Esperava-se também, com a pesquisa, obter uma mapa das deficiências alimentares da população. A importância do levantamento era exaltado em editorial do Jornal do Brasil de agosto de 1974, quando teve início o trabalho de campo.
O aspecto mais inovador do estudo, porém, não serviria diretamente aos objetivos estatísticos, embora fosse considerado essencial para entender as condições de população pelo diretor do Endef, o sociólogo e ex-oficial da Marinha Luiz Afonso Parga Nina.
Por ideia dele, foi inserido nos questionários um espaço para anotação livre, em que era sugerido aos pesquisadores que fossem relatados suas impressões pessoais sobre a situação dos entrevistados e a realização das entrevistas.
O resultado foi um registro detalhado da miséria e da fome que atingiam boa parte da população, apesar do ritmo acelerado de crescimento econômico dos anos anteriores. Essa parte do estudo foi publicado, mas acabou tendo sua circulação restrita, levantando suspeitas de censura pela Ditadura Militar.

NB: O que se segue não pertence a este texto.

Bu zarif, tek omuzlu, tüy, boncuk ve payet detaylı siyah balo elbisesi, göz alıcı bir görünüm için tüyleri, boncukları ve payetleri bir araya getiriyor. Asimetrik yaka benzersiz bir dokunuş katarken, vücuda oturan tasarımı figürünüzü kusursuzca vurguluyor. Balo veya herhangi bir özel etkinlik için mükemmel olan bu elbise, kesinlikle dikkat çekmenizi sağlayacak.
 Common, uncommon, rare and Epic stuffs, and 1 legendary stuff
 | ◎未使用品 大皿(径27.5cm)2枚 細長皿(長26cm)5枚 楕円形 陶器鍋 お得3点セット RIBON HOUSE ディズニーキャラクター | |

“Já fizemos uma média de 120 domicílios, estando 70% na faixa de nível baixo, 20% casos extremos e 10% pessoas que conseguem o necessário para viver. Neste último caso, considero as pessoas que têm um emprego fixo, mas vivem privadas de muita coisa ainda”, diz um dos relatos sobre a pesquisa em Uberlândia (MG).
“Nas duas primeiras faixas, a base da alimentação é farinha de mandioca muito grossa feita em casa. O vestuário é sempre doado e, nos casos extremos, as pessoas cobrem o corpo com trapos disformes e imundos que cheiram mal”, continuava.

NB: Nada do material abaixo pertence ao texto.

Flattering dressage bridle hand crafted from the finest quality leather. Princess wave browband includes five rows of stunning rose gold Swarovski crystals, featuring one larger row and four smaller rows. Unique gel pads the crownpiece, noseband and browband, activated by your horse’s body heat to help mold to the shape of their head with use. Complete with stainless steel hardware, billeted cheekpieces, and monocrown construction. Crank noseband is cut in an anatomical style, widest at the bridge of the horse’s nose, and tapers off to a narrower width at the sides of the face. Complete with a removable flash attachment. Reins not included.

Outro relato, de uma pesquisadora que atuou em Boa Vista (RR), descrevia sérios problemas de saúde da população local: “Devido à má alimentação, são seres totalmente predispostos aos males do meio ambiente. Desde que uma dessas famílias tinha vindo do interior, ninguém pergunta se não teve ‘malária’ ou até mesmo ‘hepatite’ porque são doenças comuns no interior.”

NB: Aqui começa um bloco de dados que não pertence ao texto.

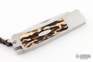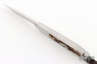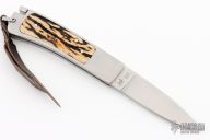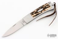 Backlock folder designed by Ron Lake and manufactured in China by CAS Iberia. This knife has the quality and workmanship of a custom made knife. One of 500 made. Featured on the cover of Blade 2002. Ron called this a "Completely Hand-crafted Knife" and you'll agree. As good or better than most customs at this price. Comes with leather pouch. Has some light scuffs and scratches, great condition otherwise.
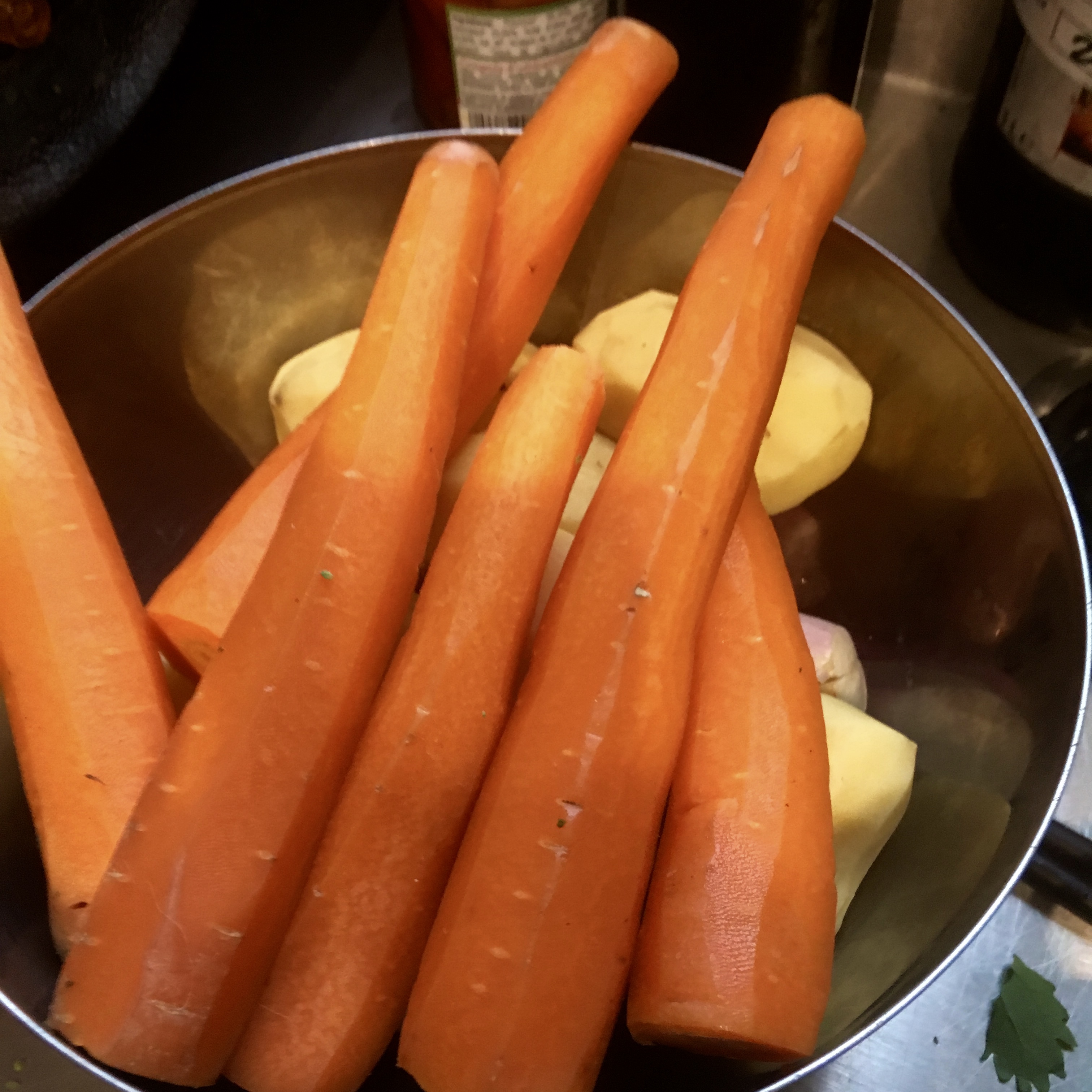 The carrots and potatoes make the base of the soup. For a "normal" size soup, I reckon 3 carrots and 5 potatoes will be good. I was making a big soup so I used about the double of that.
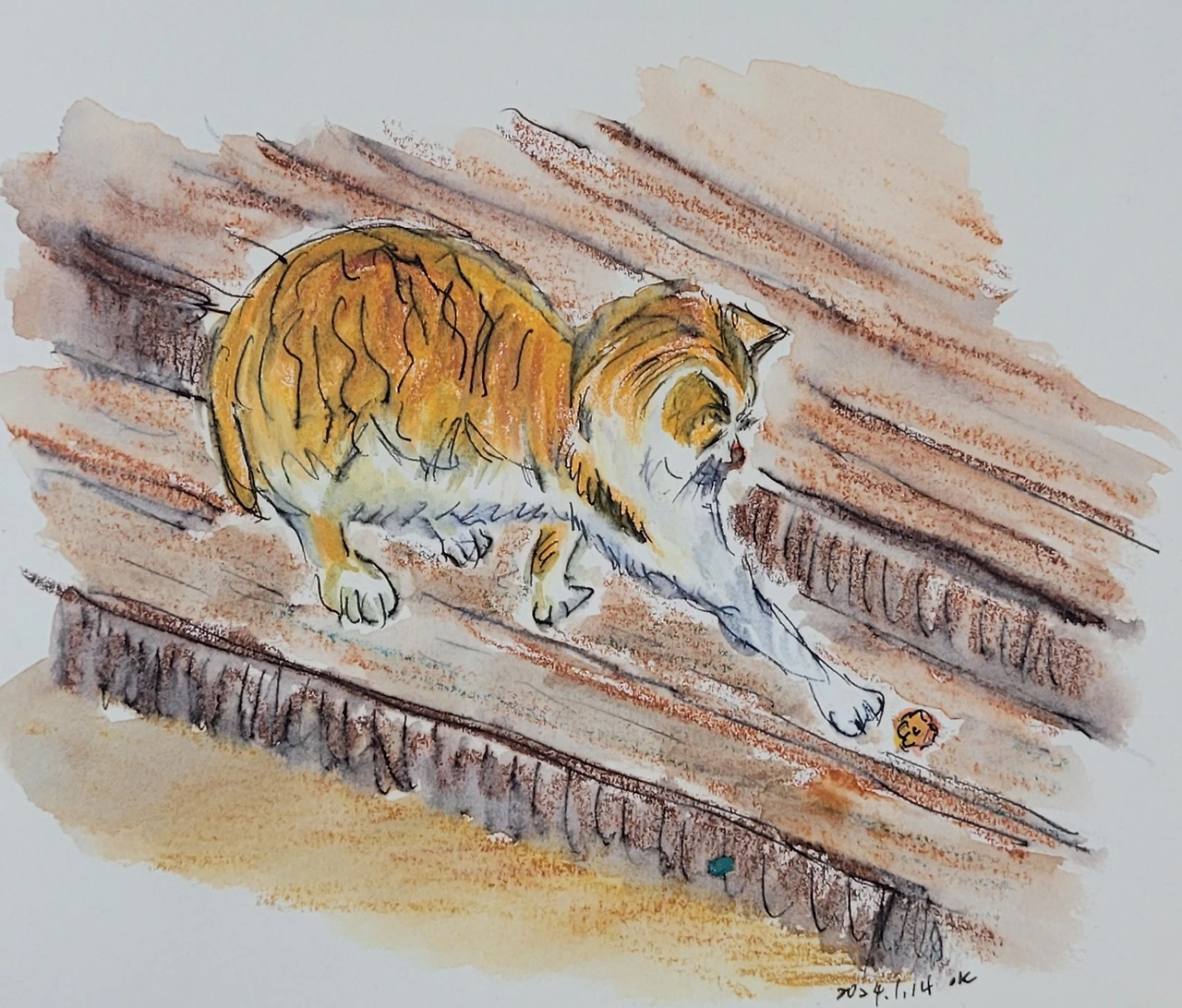 삼색이는 집묘가 돼버린지라 밥때면 제집으로 들어가 밥그릇에 밥 채워주기를 기다린다. 얌전히 밥그릇의 밥을 비우고 옆에 물그릇에 있는 물을 먹고 입을 가신다. 물론 깜냥이와 콧털이도 밥그릇에 담아주는 그래로 잘 먹는데, 이런 모습에 익숙하다 삶은 달걀 한 조각을 요리조리 돌려대며 왔다 갔다 하다 먹는 솜이를 보니 마음이 짠하다. 맛은 있는지 밥그릇 쪽으로 오지만, 또 한 덩어리 덜어내어 양손으로 쥐 잡듯이 한다.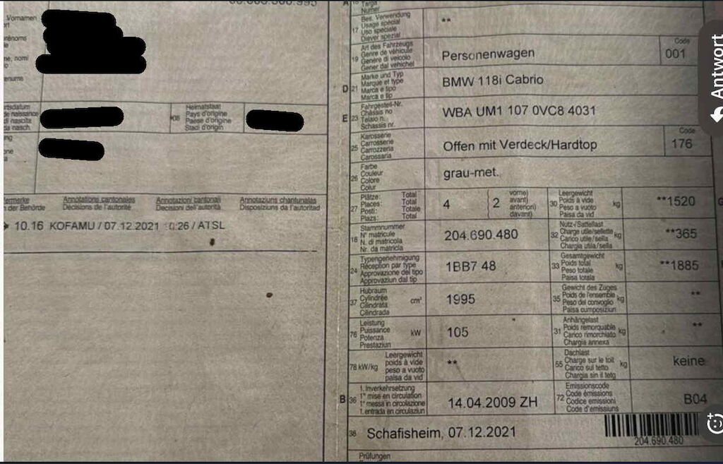 Offensichtlicher TotalschadenCH-TypengenehmigungFahrzeug steht bei Kunde zuhause und startet nicht mehr.

“Mediante as dificuldades na compra dos remédios, são pessoas que ficam maltratadas para o resto da vida. As mulheres não são privilegiadas. Depois do primeiro filho, perdem logo os dentes (falta de cálcio) e sofrem as consequências de um parto mal feito durante muito tempo”, segue o relato.
“Em um domicílio, o homem da casa está enfraquecido devido à falta de alimentação e a senhora dele está débil mental em consequência de um parto mal feito. As crianças são raquíticas, de cor pálida e frequentemente com tosse”, descreveu ainda a pesquisadora.
No interior do Paraná, são vários os relatos da equipe do IBGE sobre a dura vida das famílias de boias-frias, que trabalhavam por diárias em fazendas da região.
“A fome tomava conta dos pequenos corpos humanos que habitavam a bela fazenda de café. (…) Soubemos de uma família que ia para o trabalho sem a pequena marmita de almoço, substituíam-no por ‘coco guavirova’ ou até chegavam ao extremo de comer folha seca de café.”
Apesar da grande importância dada a esse trabalho, ele não foi divulgado ao público. Foi impressa uma pequena tiragem de 250 cópias e algumas delas foram enviadas sem alarde a órgãos públicos e bibliotecas, como o Ministério da Saúde e algumas universidades.
Alguns volumes da publicação que permanecem nos arquivos do IBGE tem em sua capa escrita a mensagem “Distribuição restrita”, em letra cursiva que seria de Parga Nina.
O Endef, estudo ainda hoje pouco conhecido, teve seu momento de fama logo após o fim da ditadura, quando a revista IstoÉ descobriu essa parte não divulgada da pesquisa.
A publicação deu uma reportagem de capa para o tema em outubro de 1985, com a manchete “Fome Censurada”, sobre a imagem de uma criança pobre, nua, segurando um rato.
A publicação original da pesquisa está disponível online, e também um compilado de relatórios semestrais dos pesquisadores do Endef produzido pelo setor de memória do IBGE em 2014.